Documents Relating to New Zealand's Participation in the Second World War 1939–45: Volume III
461 — The Prime Minister of New Zealand to the Secretary of State for Dominion Affairs
The Prime Minister of New Zealand to the Secretary of State for Dominion Affairs
Your telegram of 31 July.1
Consideration has been given to the plans for British Commonwealth participation in the Japanese war, as set out in your telegram of 5 July [No. 458] and in the Prime Minister's summary of the major operational decisions reached in the Anglo-American military discussions at Berlin.2
The difficulties I referred to in my telegram of 14 July [No. 459] have now been surmounted and proposals have now been approved by Parliament for participation in the British Commonwealth Force in the forthcoming operations against Japan.
It has been agreed that New Zealand shall contribute two infantry brigades with Headquarters and Line of Communication units, as suggested in paragraph 4 of your telegram [No. 458], and that the Royal New Zealand Air Force should form part of the air component. Ships of the Royal New Zealand Navy will continue to operate with the British Pacific Fleet.

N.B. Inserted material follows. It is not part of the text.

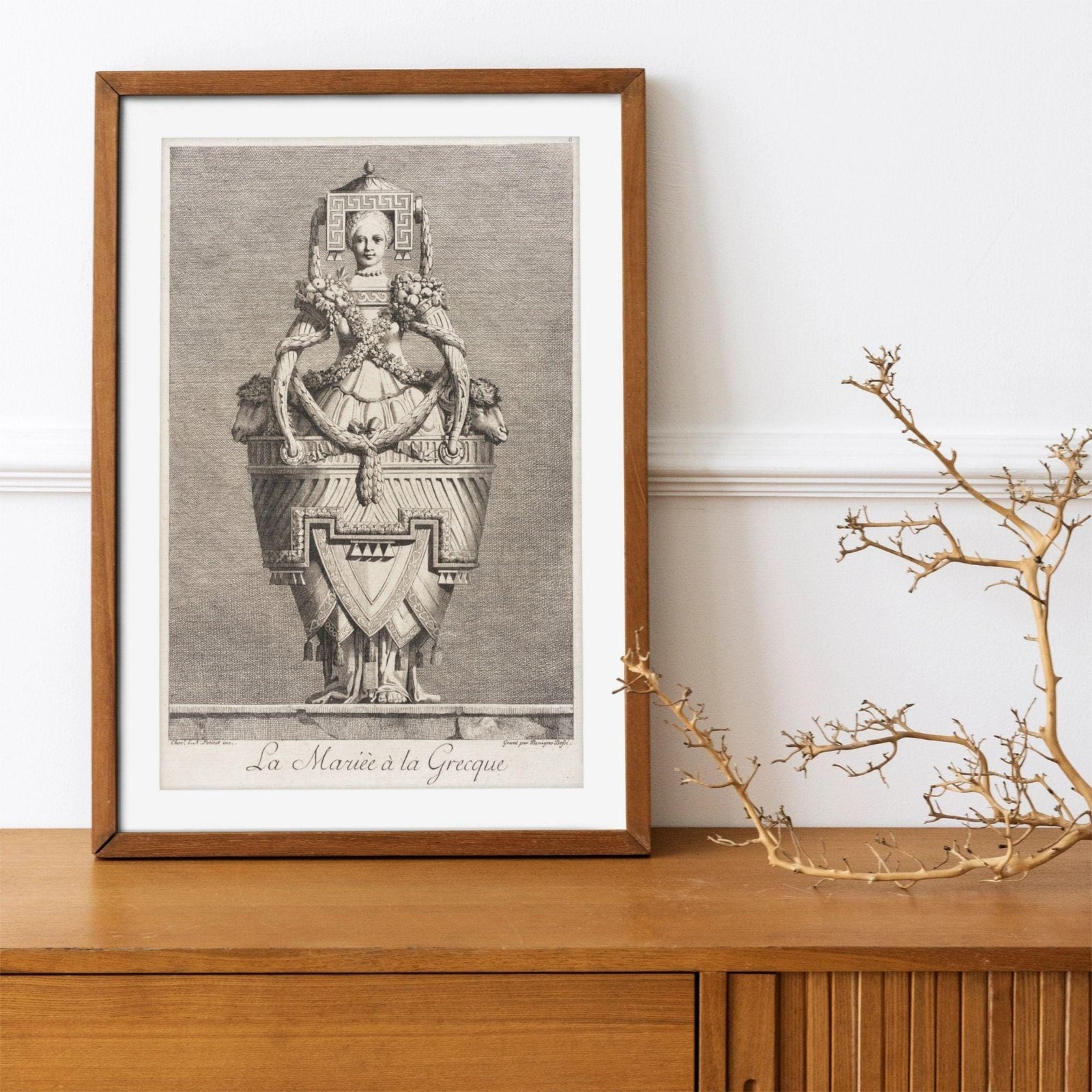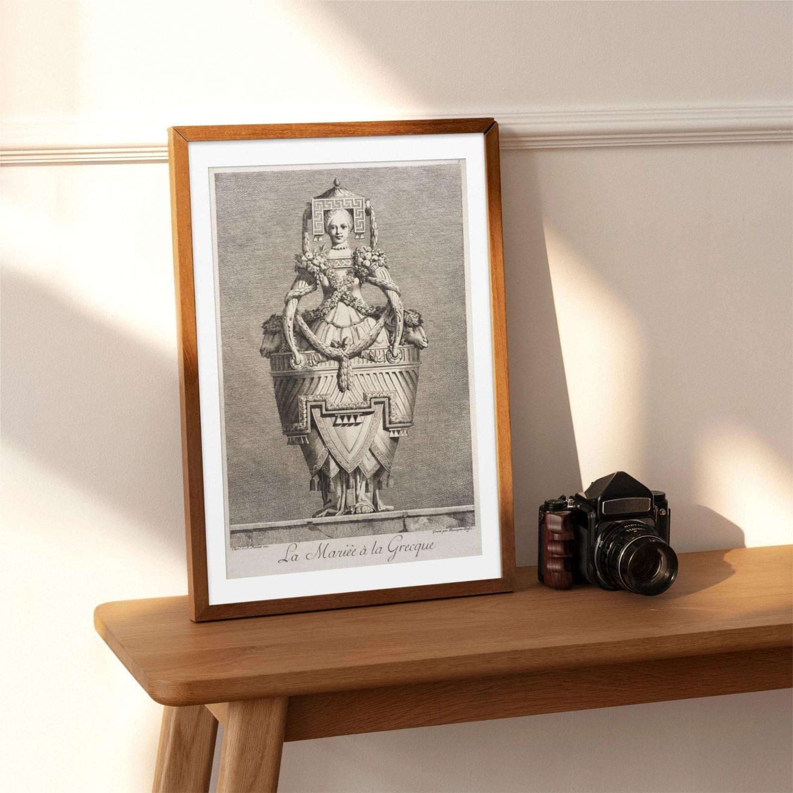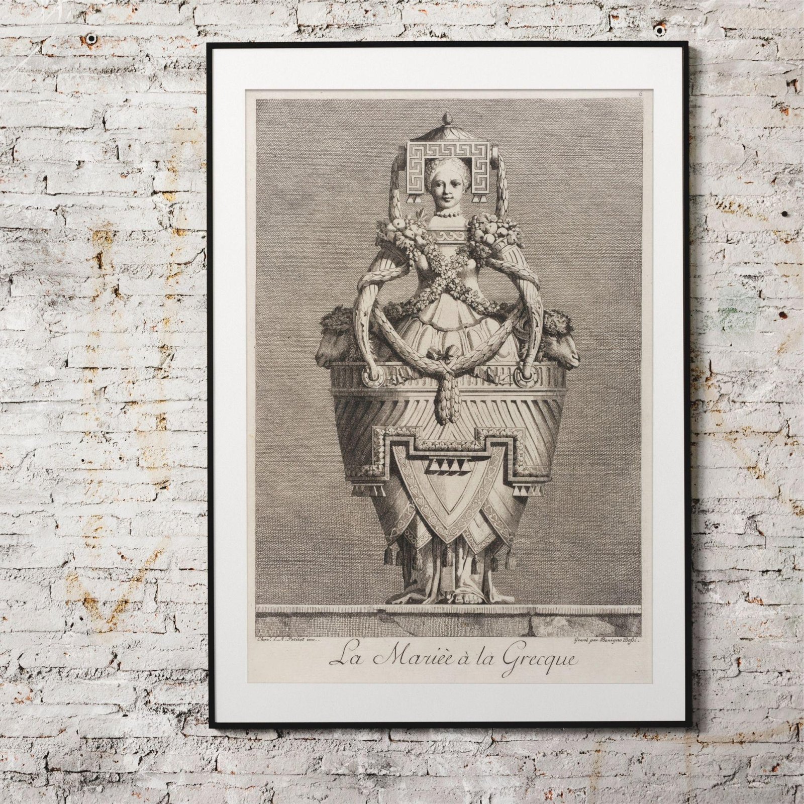 Framed artwork depicting intricate ancient Greek sculpture.Greek Mythology – Masquerade Bride Poster

This two-brigade force will be made up of 12,000 men now serving with the 2nd Division in the European theatre, together with 4000 troops at present held in New Zealand and a further contingent of 2000 reinforcements to be sent to the Middle East training centre this year. It is planned to send 3000 further reinforcements early in 1946.
Considerable difficulties are being experienced in New Zealand at the present time owing to manpower shortages which are gravely affecting production.
In agreeing to the formation of this new land force, the Government and Parliament both consider that it is necessary at the same time to effect drastic reductions in the other two Services, including the air formations at present serving in the Pacific. Moreover, it will only be possible to provide the necessary men for the proposed land force from New Zealand if a sufficient number of suitable men are returned promptly from overseas to take their places in essential industry.
It is therefore most essential that the 20,000 men from the 2nd Division who are due to return to New Zealand to be demobilised should arrive at the earliest possible date, and I would be most grateful if urgent attention could be given to the solution of existing difficulties in regard to the provision of the requisite shipping, which is referred to in my [earlier] telegram.1
1 See Vol. II, Return of 2nd Division to New Zealand, No. 471.